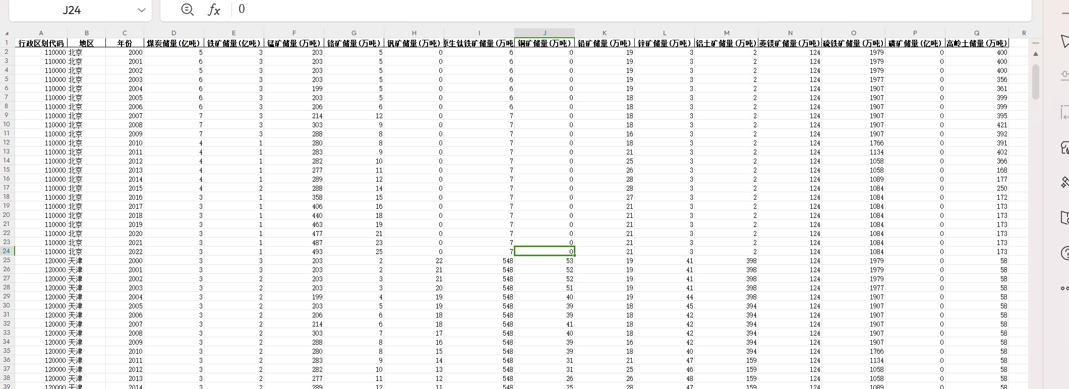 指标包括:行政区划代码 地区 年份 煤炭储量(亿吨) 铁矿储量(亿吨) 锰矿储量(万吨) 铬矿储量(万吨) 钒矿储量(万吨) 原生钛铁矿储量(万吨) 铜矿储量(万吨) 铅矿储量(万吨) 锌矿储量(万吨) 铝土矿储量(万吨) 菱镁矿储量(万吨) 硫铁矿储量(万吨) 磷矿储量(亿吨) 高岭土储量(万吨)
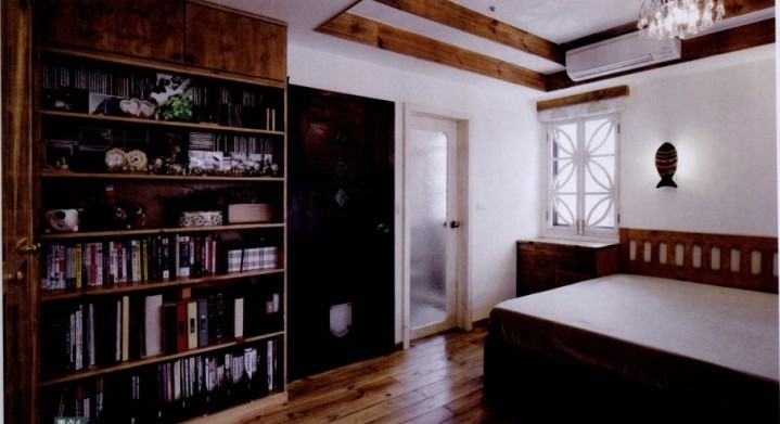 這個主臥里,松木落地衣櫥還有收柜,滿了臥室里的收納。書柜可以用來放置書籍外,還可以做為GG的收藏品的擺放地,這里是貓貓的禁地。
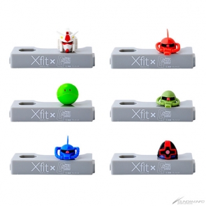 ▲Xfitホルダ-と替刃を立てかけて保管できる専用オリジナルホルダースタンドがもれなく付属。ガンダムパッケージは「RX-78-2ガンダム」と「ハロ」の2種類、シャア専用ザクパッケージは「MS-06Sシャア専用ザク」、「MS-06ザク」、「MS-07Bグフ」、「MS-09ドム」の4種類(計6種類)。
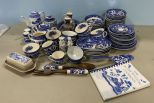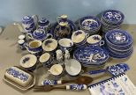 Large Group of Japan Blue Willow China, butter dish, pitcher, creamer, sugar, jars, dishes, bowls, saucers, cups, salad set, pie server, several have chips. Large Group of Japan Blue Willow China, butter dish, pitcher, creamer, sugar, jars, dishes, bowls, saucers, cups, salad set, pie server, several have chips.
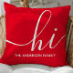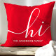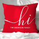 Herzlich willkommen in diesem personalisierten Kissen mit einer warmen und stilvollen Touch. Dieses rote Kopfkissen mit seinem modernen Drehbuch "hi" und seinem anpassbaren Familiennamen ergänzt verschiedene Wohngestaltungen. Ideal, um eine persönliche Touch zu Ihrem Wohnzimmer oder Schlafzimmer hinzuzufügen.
* * *
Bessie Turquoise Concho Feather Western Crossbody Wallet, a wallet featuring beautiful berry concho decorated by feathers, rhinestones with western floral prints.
* * *
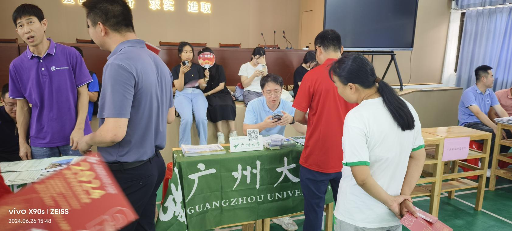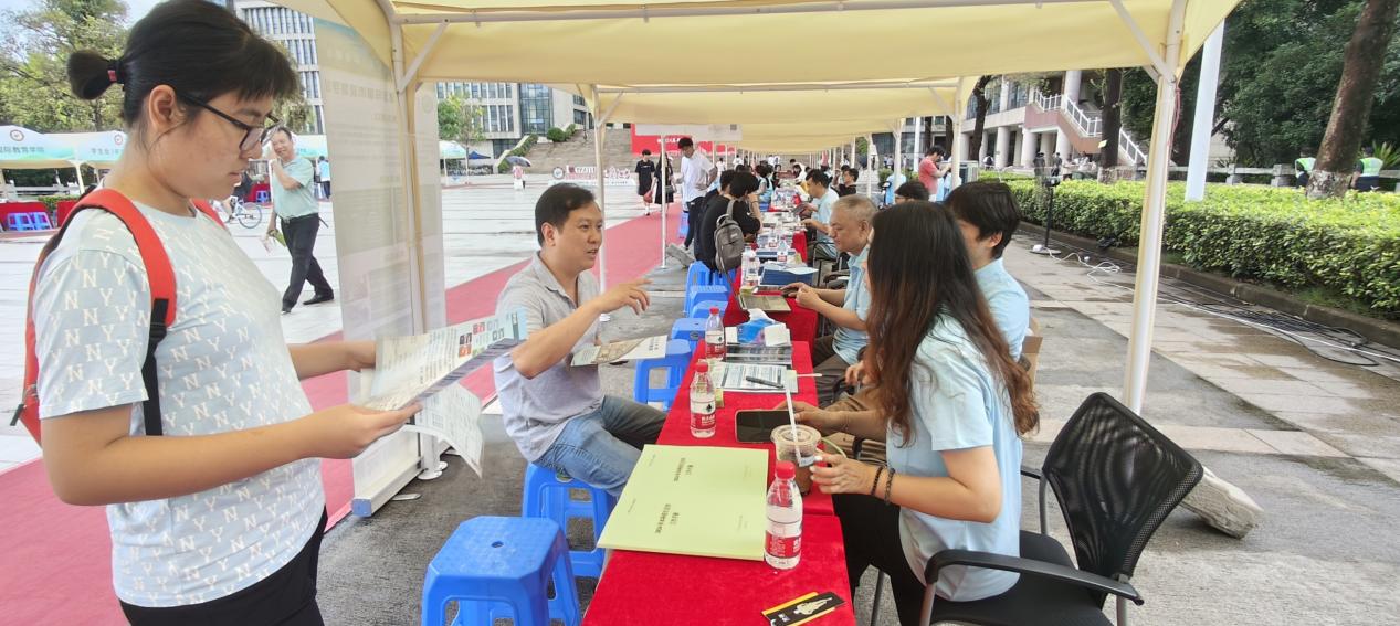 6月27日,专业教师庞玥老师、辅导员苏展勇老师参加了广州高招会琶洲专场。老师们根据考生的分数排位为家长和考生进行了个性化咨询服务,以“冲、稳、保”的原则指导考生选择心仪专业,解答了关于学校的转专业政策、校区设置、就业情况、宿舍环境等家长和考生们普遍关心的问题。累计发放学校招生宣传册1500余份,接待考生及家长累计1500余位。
* * *
▶ [Aim of the exercise]
All that should appear in the answer is the lines above from the line with "指标包括:行政区划代码 地区 年份" through the line with "have chips. Large", retyped exactly, pictures left out.

▶ [Written answer]
 指标包括:行政区划代码 地区 年份 煤炭储量(亿吨) 铁矿储量(亿吨) 锰矿储量(万吨) 铬矿储量(万吨) 钒矿储量(万吨) 原生钛铁矿储量(万吨) 铜矿储量(万吨) 铅矿储量(万吨) 锌矿储量(万吨) 铝土矿储量(万吨) 菱镁矿储量(万吨) 硫铁矿储量(万吨) 磷矿储量(亿吨) 高岭土储量(万吨)
 這個主臥里,松木落地衣櫥還有收柜,滿了臥室里的收納。書柜可以用來放置書籍外,還可以做為GG的收藏品的擺放地,這里是貓貓的禁地。
 ▲Xfitホルダ-と替刃を立てかけて保管できる専用オリジナルホルダースタンドがもれなく付属。ガンダムパッケージは「RX-78-2ガンダム」と「ハロ」の2種類、シャア専用ザクパッケージは「MS-06Sシャア専用ザク」、「MS-06ザク」、「MS-07Bグフ」、「MS-09ドム」の4種類(計6種類)。
 Large Group of Japan Blue Willow China, butter dish, pitcher, creamer, sugar, jars, dishes, bowls, saucers, cups, salad set, pie server, several have chips. Large Group of Japan Blue Willow China, butter dish, pitcher, creamer, sugar, jars, dishes, bowls, saucers, cups, salad set, pie server, several have chips.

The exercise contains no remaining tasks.